Is there a role for fake language datasets in the AI ecosystem? (By “fake language” I mean things like bAbI, CLEVR, Karthik’s “Home” world [pdf link], and this DeepMind paper.) Claims that various learning architectures can “do language processing” based on results from these datasets have caused a lot of hand-wringing in the NLP community. While a lot of this is due to good old-fashioned overclaiming, I’ve become persuaded some of it is miscommunication between two groups that mean totally different things by “language data”.

I’m going to focus here on instruction following, but I think there’s a similar story to tell about lots of other grounded tasks like question answering, generation, etc.1 For a long time, an AI researcher’s view of an instruction following problem was something like this:

Language -> Abstraction -> Behavior

That is, we start with whatever utterances people are generating, map them to some kind of clean, structured representation, and then make decisions about how to act on the basis of that structure. Because this whole pipeline was too hard to tackle all at once, the community mostly started working on it from different ends.2


“Language people” worked on this:

Language -> Abstraction

In this picture, language comes to you from the outside world—you don’t control the distribution. You get to design the language of abstractions, but it had better be able to handle (or at least fail gracefully on) whatever utterances the world throws at you. Linguists give us a nice abstraction formalism in the form of logic, and that the way to get from abstraction to behavior is just logical interpretation. So it’s very easy to say “abstraction = formal semantics” and treat the Abstraction -> Behavior edge as someone else’s problem.

Data is collected from human speakers who don’t necessarily know anything about logical forms. Indeed, decisions about details of the logical language are typically worked out after collecting initial annotations. What distinguishes “language data” from other kinds of data is precisely the fact that it was generated by human users. (If we’re generating data from a fake grammar and mapping it onto logical forms, we generally haven’t learned anything about language that we didn’t write down in the first place.)


“Policy people” (broadly understood to include everything from RL to planning to classical control) worked on this:

Abstraction -> Behavior

In this picture, the scope of acceptable abstractions is up to the system designer—it’s in behavior where details of the real world (physics, etc.) intervene. Abstraction languages range from “do one of these 10 specific things” to “satisfy this STRIPS goal”. In particular, an abstraction language that doesn’t support all possible goals is no more problematic than a remote control that doesn’t operate all appliances at once.3 The thing that I originally found difficult to appreciate is just how hard some of these problems are even when we have complete control over the input distribution. Reinforcement learning is hard. Planning is hard.
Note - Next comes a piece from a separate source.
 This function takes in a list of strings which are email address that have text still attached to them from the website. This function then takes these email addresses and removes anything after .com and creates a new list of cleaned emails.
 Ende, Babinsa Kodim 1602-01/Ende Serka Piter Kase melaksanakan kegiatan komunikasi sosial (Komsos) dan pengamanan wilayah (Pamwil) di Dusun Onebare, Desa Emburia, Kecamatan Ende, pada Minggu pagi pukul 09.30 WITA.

There’s still lots of room for interesting compositionality in these abstraction languages—if I have some kind of structured representation of the goal, and I train on a subset of structures, do I generalize to the rest? There’s lots we still can’t do.

To come up with problems that are within reach of current methods, data is generated rather than collected. The distribution over abstractions and their induced behaviors is hand-designed. There’s no language data here; what distinguishes “language data” from what does get used is that language has no precise execution semantics, but e.g. STRIPS does.
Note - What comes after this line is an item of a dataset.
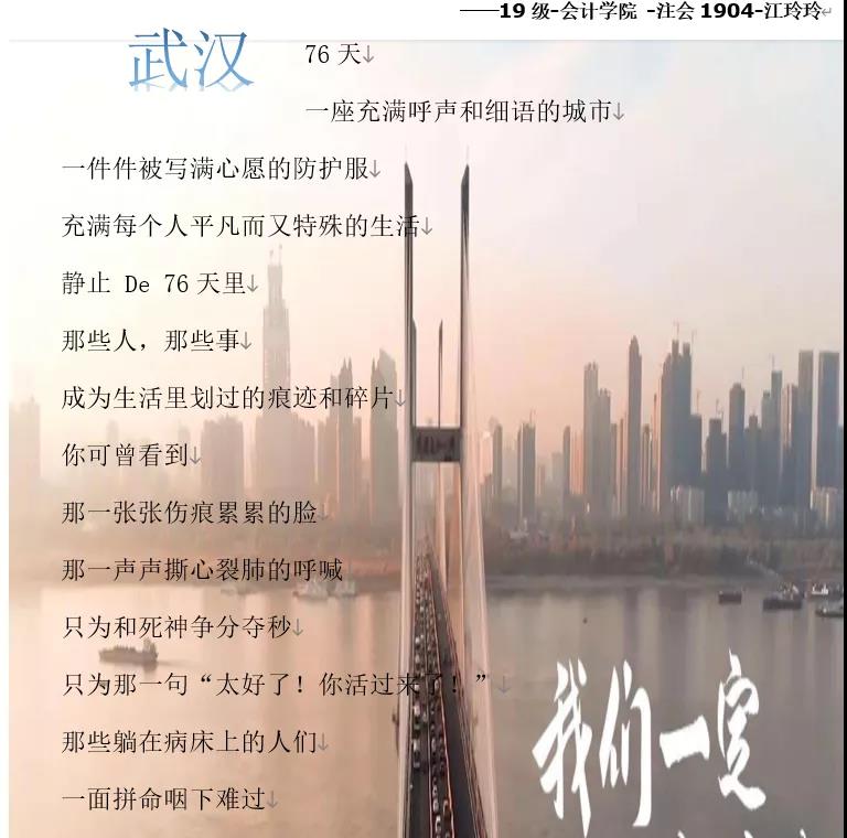 在这场没有硝烟的战争中,一批又一批的战疫英雄涌现,应是水中月,波定还自圆,没有人生来就是战士,但在灾难面前,我们可以乐观面对,我们甚至可以变得很强大。每个人生命中,都有最艰难的时候,跨过那一步就好了,我们的人生也将变得美好而辽阔。打不败我们的,只会让我们变得更强,加油,我们一起守望相助,胜利的曙光就在前方!

In the last few years these two communities have run together, because the world looks like this:

Language -> Behavior

Everything is end-to-end all the time. Abstraction isn’t gone, but now it lives in some uninterpretable representation space rather than a formalism we’ve designed by hand. This is a great thing! Language people no longer have to limit themselves to worlds where they’re clever enough to construct a good enough logical language.
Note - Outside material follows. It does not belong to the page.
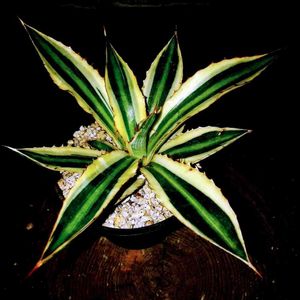 こんばんは! 蒸し暑いですが、時々風が吹いてきます! 夜のアガベ:五色万代

And policy people (here’s where the trouble starts) no longer have to describe their task inventory in terms of any particular formalism: they just need some way of generating reward functions / goal tests synchronously with some kind of (compositional?) identifier that describes them. So they generate interpretable strings made of sequences of words. No execution semantics, uses English words: natural language. Whence the confusion.

I think there’s a lesson in this for people in both communities:

  • For “policy people” as researchers: please please please signpost explicitly when your input strings were generated synthetically. The word language is hopelessly overloaded at this point, but the bigram natural language is not: avoid using the word natural unless people were involved. (A couple of the papers linked in the first paragraph are guilty of this.)

  • For “language people” as reviewers: respond to appropriately qualified fake language datasets by asking “Is an interesting Abstraction -> Behavior problem is being solved? Do strings index the target class of behaviors in an interesting way?” There are lots of problems out there for which this is an appropriate standard.

I think we’re still at a stage where there’s something to learn from fake language, even those of us who ultimately care about the distribution of sentences produced by humans.


  1. Explicitly excluded from this discussion is work on doing linguistic analysis of fake language data. Such work is not about language at all, and is either about analyzing the formal expressive capacity of certain model classes, or is garbage. 

  2. Not everyone! Both Stefanie Tellex and Branavan had work that was trying to tackle the complete pipeline well before the current end-to-end craze. I think this research is a model for what the field should be trying to accomplish, but for lots of problems our techniques just aren’t there yet. 

  3. There’s a sense in which Jonathan Berant and Percy Liang’s work on paraphrasing for semantic parsing [pdf link] actually belongs in this category, rather than Language -> Abstraction. But they still hold themselves to a “real language” evaluation standard.